8. A reproduction of Guernica once covered up at the United Nations:
The entrance of the UN security council was adorned with a recreation of Picasso’s Guernica in the form of a tapestry. The then US secretary of state, Colin Powell testified in favor of the war on Iraq, the tapestry was covered with a blue curtain during the broadcast of this speech. Reports suggested that it was covered because it could have been unpleasant for viewers along with Bush’s government claiming it to be an inappropriate backdrop for declaration of war.
9. Guernica was originally a commissioned painting:
The Spanish government commissioned Picasso to create a huge mural for the Spanish pavilion.

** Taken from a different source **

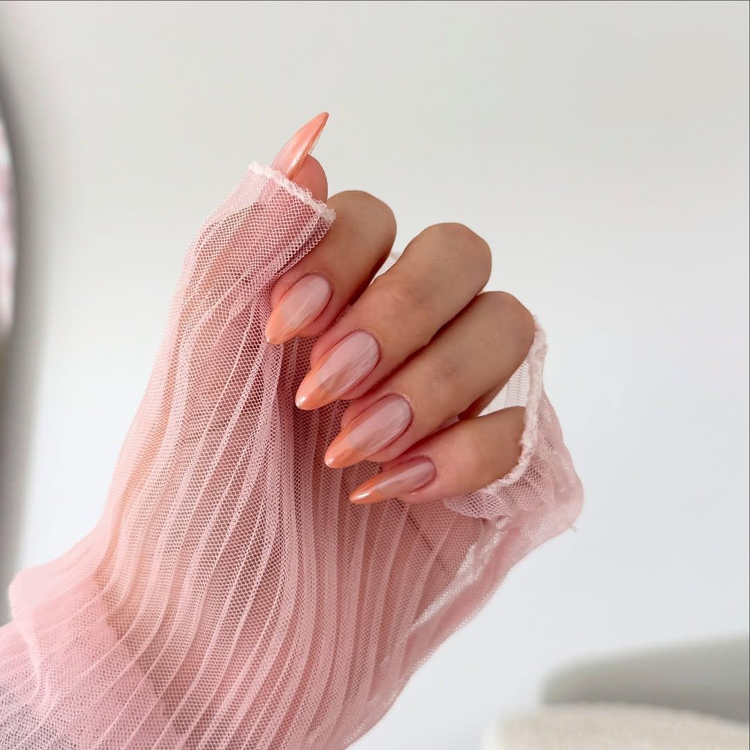 Оранжевый френч с жемчужным сияние выглядит как зимнее солнце, которое все-таки пробилось сквозь серость. Оттенок выбирай мягкий, ближе к мандариновому или абрикосовому. А перламутровый блеск придай с помощью втирки поверх яркого френча. Этот вариант особенно хорош для тех, кто хочет цвета, но боится переборщить.

At that time, Picasso was originally working on something else but he dropped everything to work on this mural when he heard about the bombings on Guernica. This was not what he was actually supposed to give but he got so affected by this painting that he made on a mural on this itself. It was made to show the agony of mothers and children, unveiled at the Paris exhibition which made it very popular for the destruction of war on innocent people.
10. Picasso put together another critique of Franco side by side Guernica:
It is said that Picasso made Guernica in just a month, which in itself is impressive but that wasn’t Picasso’s sole motive. Picasso published a set of etching and aquatint prints in January 1937, titled ‘The Dream and Lie of Franco’ and delivered Guernica to the Spanish Pavilion on June 7 of the same year, and at the same time added a second batch of images to ‘The Dream and Lie of Franco’.
“Painted in the wake of a 1937 fascist bombing, ‘Guernica’ has grown to stand for war atrocities being experienced all over the world”.
Picasso had been looking for something to paint for 3 years and this commission to produce a mural by the Spanish Pavilion in 1937 gave him an opportunity to paint something that came to be known as one of the most historic paintings in the world. Guernica is now, one of the ‘greatest’ works of art and a strong statement against war.